In reactie op mijn brief van 7 juli 2020 (Kamerstuk 34 902, O) over de openbaarmaking van de verslagen van vergaderingen van de klimaattafels en het overkoepelende Klimaatberaad naar aanleiding van de motie Van Hattem c.s. (Kamerstuk 34 902, F), hebben de leden van de fractie van de PVV op 5 oktober jl. een aantal vervolgvragen gesteld (kenmerk 16913.13u). In deze brief ga ik op deze vervolgvragen in.
Vraag 1
In uw beantwoording op de eerste vraag lezen de fractieleden van de PVV het volgende: “Zoals toegelicht in mijn brief van 15 november 2019 was de deelname van partijen aan de klimaattafels in de veronderstelling van vertrouwelijkheid.” Kunt u aangeven waarom deze veronderstelde vertrouwelijkheid dan niet als zodanig in de opdrachtbrieven aan de voorzitters van de klimaattafels stond?
Vraag 2
Kunt u concreet aangeven wat dan wél de grondslag was voor deze vertrouwelijkheid?
Antwoord 1 en 2
Bij de SER is het goed gebruik om in de adviesvoorbereiding vertrouwelijkheid in acht te nemen. Het is derhalve ook niet opgenomen in de opdrachtomschrijvingen. De verslagen van vergaderingen zijn bedoeld om het proces en de afspraken vast te leggen voor zowel de deelnemers als voor de directe omgeving van de deelnemers/onderhandelaars.

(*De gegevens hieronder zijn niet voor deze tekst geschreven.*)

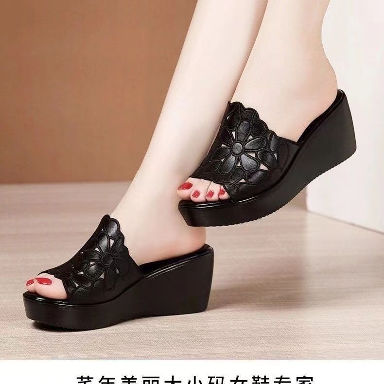 女性のハイヒールのスリッパの夏の外は厚い底のファッションの家庭の滑り止めのお母さんの靴の柔らかい底の社会の坂と冷たいスリッパを着ます。

De werkwijze is dan ook vergelijkbaar met de onderhandelingen over bestuursakkoorden, cao’s en dergelijke. Ook deze verslagen zijn niet openbaar. Zonder een dergelijk vertrouwen is het lastig gezamenlijk nieuwe oplossingsrichtingen te verkennen en bestaat het risico dat partijen niet meer willen deelnemen aan vergelijkbare overleggen.
Vraag 3
Indien bij Wob-verzoeken zienswijzen door derden worden ingediend dan zijn deze zienswijzen op zichzelf ‘Wob-able’ en vallen niet per definitie onder uitsluitingscriteria van de Wob. Kunt u aangeven waarom ten aanzien van de zienswijzen bij de openbaarmaking van de verslagen van de klimaattafels een ander beleid wordt toegepast dan bij een regulier Wob-verzoek en bent u, gelet hierop, alsnog bereid om de zienswijzen openbaar te maken?
Antwoord 3
Zienswijzen die zijn gegeven in het kader van een Wob-verzoek vallen als zodanig niet onder het Wob-verzoek. Immers, een Wob-verzoek ziet op documenten over een bepaald onderwerp (een bestuurlijke aangelegenheid) en bestrijkt een bepaalde periode. De gegeven zienswijzen naar aanleiding van een Wob-verzoek gaan niet over het onderwerp van het Wob-verzoek, maar over het verzoek zelf. Daarnaast vallen zienswijzen altijd buiten de tijdsspanne waarop het Wob-verzoek betrekking heeft, aangezien de zienswijzen worden gevraagd nadat een Wobverzoek is ingediend en een Wob-verzoek qua tijd nooit verder strijkt dan de datum van het Wob-verzoek. Ik maak derhalve geen onderscheid als het gaat om het openbaar maken van zienswijzen die zien op de verslagen van de klimaattafels of die zien op een regulier Wob-verzoek. De gegeven zienswijzen zijn op zichzelf wel ‘Wob-able’ en gezien uw vraag zal ik de zienswijzen openbaar maken en aan uw Kamer doen toekomen, op eenzelfde wijze als wanneer de verzochte stukken onder de Wob zouden zijn verstrekt.(1)
Vraag 4
In uw verdere beantwoording geeft u aan: “gezien de grote maatschappelijke impact van het klimaatbeleid heeft het kabinet de bereidheid uitgesproken zoveel als mogelijk transparant te zijn over het verloop van de gesprekken die hebben geleid tot het Klimaatakkoord”. Kunt u duiden hoe het ‘verloop van de gesprekken’ te volgen is als niet duidelijk is door welke deelnemer een citaat uit de verslagen uitgesproken is en als delen in hun geheel zijn weggelakt? Hoe verhoudt dit grootschalig en structureel weglakken van deze elementen en passages zich tot het door u zelf gestelde uitgangspunt “zoveel als mogelijk transparant” en het serieus nemen van de “grote maatschappelijke impact”?
Antwoord 4
Zoals toegelicht in mijn brieven van 15 november 2019 en 7 juli 2020 was de deelname van partijen aan de klimaattafels in de veronderstelling van vertrouwelijkheid. Dit is mede de reden dat er bij het openbaar maken van verslagen een zorgvuldig proces is gehanteerd, waarbij de betrokken partijen hun zienswijze hebben kunnen geven. Op basis van de zienswijzen van partijen is door het kabinet een zelfstandige afweging gemaakt over het al dan niet weglaten van bepaalde gegevens, waarbij zo veel mogelijk openbaarheid het uitgangspunt is geweest. Het verstrekken van de gevraagde informatie strookt niet met het doorlopen van dit zorgvuldige proces. In uw vraag wordt gewezen op het verschil in verslaglegging per tafel.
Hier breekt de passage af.